Rising Rates, No Problem
High dividend-paying stocks have been on a tear this year. For some, the trend may seem counterintuitive since the sector is typically shunned in rising-rate environments, which often are indicative of a growing economy. At present, the Fed is hiking rates in an attempt to combat rising inflation, and there’s concern that could lead to a broader economic downturn. That would be bad for growth stocks, and may be why investors are pivoting away from the sector in recent months.
Some investors see high-dividend paying stocks as safer bets in comparison to growth stocks. Most often these are large companies in sectors like utilities and consumer staples that deliver products connected to non-discretionary spending.

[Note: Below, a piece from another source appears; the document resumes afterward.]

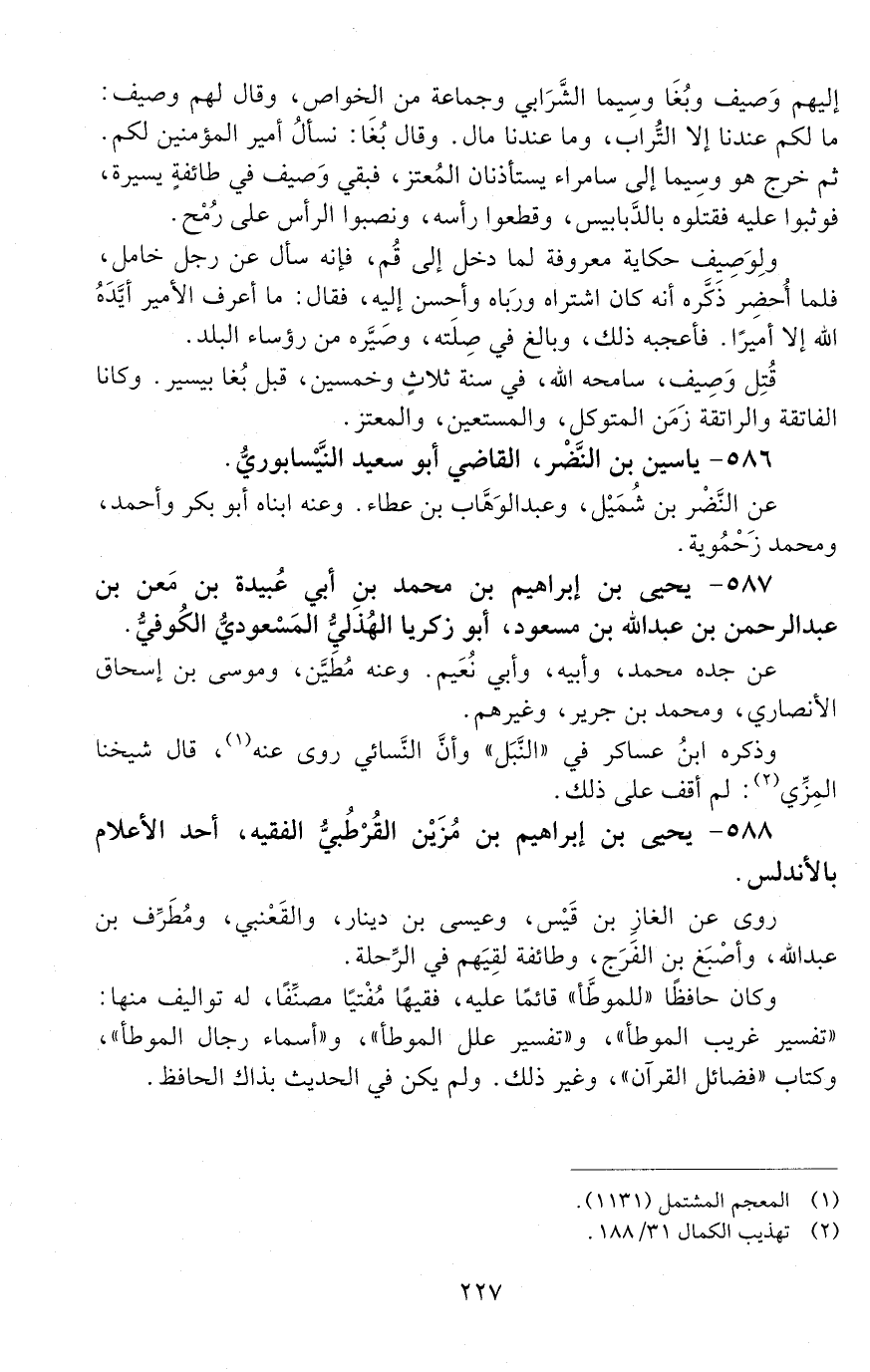 587 - يحيى بْن إِبْرَاهِيم بْن محمد بْن أَبِي عُبَيْدة بْنُ مَعْنُ بْنُ عَبْدِ الرَّحْمَنِ بْنِ عَبْدِ اللَّهِ بْنِ مَسْعُودٍ، أَبُو زكريّا الهُذَليّ المسعوديّ الكُوفيُّ. [الوفاة: 251 - 260 ه]

Growth Stock’s Engine Sputters
The popularity of these stocks is showing up in valuations, and growth stocks have recently stumbled. The Core High Dividend ETF (HDV) by iShares is up over 5% this year, buoyed by companies like Johnson & Johnson (JNJ) and Coca Cola (KO). Conversely, the S&P 500 has seen a loss of about 10% and double-digit declines in the index’s more growth-oriented subsectors, such as technology and communications. The share prices of companies like Alphabet (GOOGL) and Meta Platforms (FB) have been hammered.
This reverses a years-long trend of strong performance for growth stocks.
Tailwind From Oil
Oil and gas companies such as Exxon Mobil (XOM) are a significant component of the dividend-paying group and have contributed to the strong performance. It’s also worth noting that the energy sector has already risen close to 50% this year, and some question whether it’s out of runway.
Overall, the recent popularity of the high-dividend payers has pushed up their valuations, prompting some to explore other options at a potentially lower price. Others may look to branch out and consider the so-called value sector, which includes some dividend-paying companies.